I love Tivo or DVRs because you can skip all the commercials. Online shows, even though we can see them in their entirety, have commercials before them that we have to download and listen to before the show. Even that small amount of commercial time can affect us. Why? Because commercials are designed to make us feel like we lack something; something that we need or have to be in order to feel okay. They strive to make us feel inadequate. And they do a darn good job about it.

Essentially commercials stir up feelings of inadequacy by suggesting that we would be happier, healthier, and more loved if we buy their product. We see visions of immaculate skin with no wrinkles, ripped abs, and toned arms. Glistening new cars spin toward us on water-slicked roadways and lure us to believe we would be cooler if we drove them. Even cereal products promise more family harmony because they bring love in the morning.
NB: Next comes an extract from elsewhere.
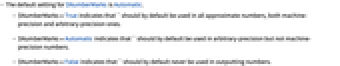 - $NumberMarks=Automatic indicates that ` should by default be used in arbitrary‐precision but not machine‐precision numbers.

Really? Who are they kidding?

The temptation, caused by comparison, is to overcome our lesser position by "buying into" the cool set. It's like being in high school for the rest of our lives. Just trying to get to the table with the cool kids. And so with the right clothes, car, look, and computer, I can be one of the cool kids. It won't happen because comparisons are odious.

I will never look like Brad Pitt or Tom Cruise. I won't have the "cool" of George Clooney (I also probably won't have his money). At the end of the day, I will just be me and the sooner I accept that, the better off my life will be. Yet TV and magazines will pummel me with images of what I could be if I buy, drive, or wear something different. Somehow we've got to stop the madness.

In reality we are who and what we are. Trying to better ourselves through education or fitness enhances our total well-being, but trying to buy into having a cool life will only end in frustration. The sooner we can look into the mirror and love who we are (even though we might still push ourselves) the sooner we will have a sense of peace instead of a sense of inadequacy.

Ask yourself honestly. When you look in the mirror, or look at your life do you have a desire to be something or someone else? If so, is it really an inner drive to enhance your life, or a brainwashing that you have to be like someone else? If it is an inner drive to enhance your life, then pursue it. But if you realize that it is just Madison Avenue talking and making you feel inadequate take another look. You are wonderful, we are all wonderful as we are. Some of us have a desire to improve and that is fine. But even on the journey we are all still wonderful, valuable, good, cool, people. We just have to stop comparing and start accepting.